The ceremony marked the third cycle of awards, and Dr Sabga announced that the awards, as of 2011, would be made yearly. The decision to make such a gesture is not unprecedented: the Nobel Prizes were initiated and funded by entrepreneur Alfred Nobel, and the Rockefeller, Carnegie, and Guggenheim families in the United States have given prodigiously to intellectual causes. However, even though West Indians have been awarded Guggenheims, Rockefeller grants and Nobel Prizes, there has not been, till now, a regional prize with similar aspirations. And this is where Dr Sabga saw his opportunity.

Dr Sabga made his fortune building industrial businesses (like the sale and manufacture of household goods, and printing and light manufacture) in the country’s infancy, and continued to expand and diversify into more sophisticated products as the economy could accommodate them. Today, the ANSA McAL group is diversified into media, merchant banking, technology, and consumer products. From the ANSA McAL group the ANSA McAL Foundation was formed, and it has given generously to The UWI, establishing the ANSA McAL Psychological Research Centre, and being instrumental in setting up The UWI’s Institute of Business.
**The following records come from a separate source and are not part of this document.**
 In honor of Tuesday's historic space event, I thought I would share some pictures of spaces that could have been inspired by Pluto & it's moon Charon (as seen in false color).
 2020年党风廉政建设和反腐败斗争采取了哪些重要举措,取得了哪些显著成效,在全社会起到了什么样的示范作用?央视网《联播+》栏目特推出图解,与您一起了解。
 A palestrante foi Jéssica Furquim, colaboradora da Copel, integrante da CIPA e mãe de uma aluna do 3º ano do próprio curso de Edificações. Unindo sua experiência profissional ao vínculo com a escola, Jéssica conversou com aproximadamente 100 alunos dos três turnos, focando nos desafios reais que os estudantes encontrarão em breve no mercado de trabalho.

The prizes this year were awarded to Prof Kathleen Coard, a UWI Pathologist, originally from Grenada; Adrian Augier, a St Lucian poet, playwright and Carnival artist, who is also a development economist, and Sydney Allicock, a community activist, who is also a member of the First Peoples of Guyana (a Makushi).

With the exception of Augier, whose job as an economist and technocrat brings him into high-profile situations, Coard and Allicock have worked most of their lives in relative obscurity. In her acceptance speech, Coard thanked the selection committees for “discovering” her, since her profession, medical pathology, is the academic aspect of medicine. Her colleagues, though, were more effusive about her. Prof Carlos Escoffery of Mona, called her the “mother of cardiovascular pathology in the Caribbean” and credited her research with establishing benchmarks which are still in use.
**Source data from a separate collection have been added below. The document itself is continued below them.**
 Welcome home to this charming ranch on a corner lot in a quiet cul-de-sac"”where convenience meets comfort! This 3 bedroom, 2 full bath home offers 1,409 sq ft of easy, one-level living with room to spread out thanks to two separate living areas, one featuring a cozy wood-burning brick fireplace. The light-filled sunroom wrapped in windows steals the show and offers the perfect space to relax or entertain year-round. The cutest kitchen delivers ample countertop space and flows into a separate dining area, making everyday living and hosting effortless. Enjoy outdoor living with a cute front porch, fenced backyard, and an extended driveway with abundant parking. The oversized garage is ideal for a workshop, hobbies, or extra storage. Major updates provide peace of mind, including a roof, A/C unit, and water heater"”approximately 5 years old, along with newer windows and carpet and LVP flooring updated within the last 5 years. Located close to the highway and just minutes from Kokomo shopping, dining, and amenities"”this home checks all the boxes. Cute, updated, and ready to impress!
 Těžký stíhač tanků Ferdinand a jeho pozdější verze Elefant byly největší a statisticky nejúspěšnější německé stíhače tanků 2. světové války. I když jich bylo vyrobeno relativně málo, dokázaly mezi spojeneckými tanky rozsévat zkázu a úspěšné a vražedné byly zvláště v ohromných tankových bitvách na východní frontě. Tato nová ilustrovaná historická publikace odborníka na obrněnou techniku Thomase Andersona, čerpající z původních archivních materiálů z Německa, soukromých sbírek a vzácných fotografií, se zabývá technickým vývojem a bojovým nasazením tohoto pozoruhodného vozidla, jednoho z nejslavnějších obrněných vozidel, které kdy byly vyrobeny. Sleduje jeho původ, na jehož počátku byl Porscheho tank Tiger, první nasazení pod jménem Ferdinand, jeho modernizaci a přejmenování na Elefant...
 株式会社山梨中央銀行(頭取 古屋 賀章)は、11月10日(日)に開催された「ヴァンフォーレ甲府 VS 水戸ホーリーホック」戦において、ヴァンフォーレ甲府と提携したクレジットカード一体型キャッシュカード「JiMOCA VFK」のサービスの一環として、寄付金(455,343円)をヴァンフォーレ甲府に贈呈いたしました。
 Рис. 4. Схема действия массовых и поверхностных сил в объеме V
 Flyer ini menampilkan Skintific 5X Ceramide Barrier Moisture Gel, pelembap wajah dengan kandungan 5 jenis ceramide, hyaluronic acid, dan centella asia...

Allicock is from the North Rupununi District in Guyana, and is credited as one of the key figures in developing a sustainable model of tourism which involves international agencies, NGOs, the government, business interests, and communities.
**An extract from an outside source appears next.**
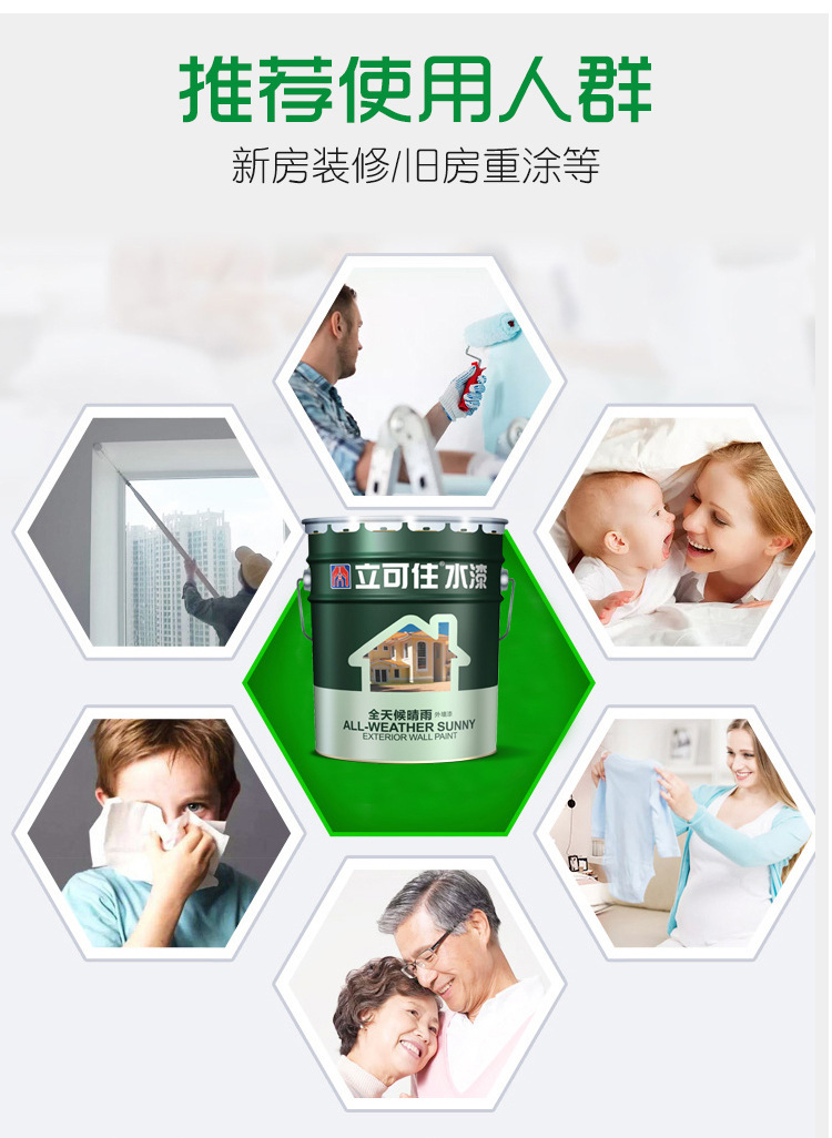 立可住 外墙乳胶漆 水性外墙弹性涂料 采用乳液及填充料精细加工作而成 立可住晴雨彩色外墙漆 具有耐候防水 防霉杭碱 阻着力强 墙面不起皮等特点 现货供应 欢迎订购

Allicock’s approach is called “the three-legged stool”—with each of native, business and government (and NGOs) comprising the legs. He is also one of the key members of the Iwokrama Centre for Research and Conservation in Guyana, and a member of that country’s low-carbon initiative. He was also instrumental in preserving the indigenous people’s languages, and promoting the education of the young people in the interior communities, which are sometimes inaccessible to the urban areas, except by air. He was overcome during his acceptance speech, and called his receipt of the award “a dream come true.”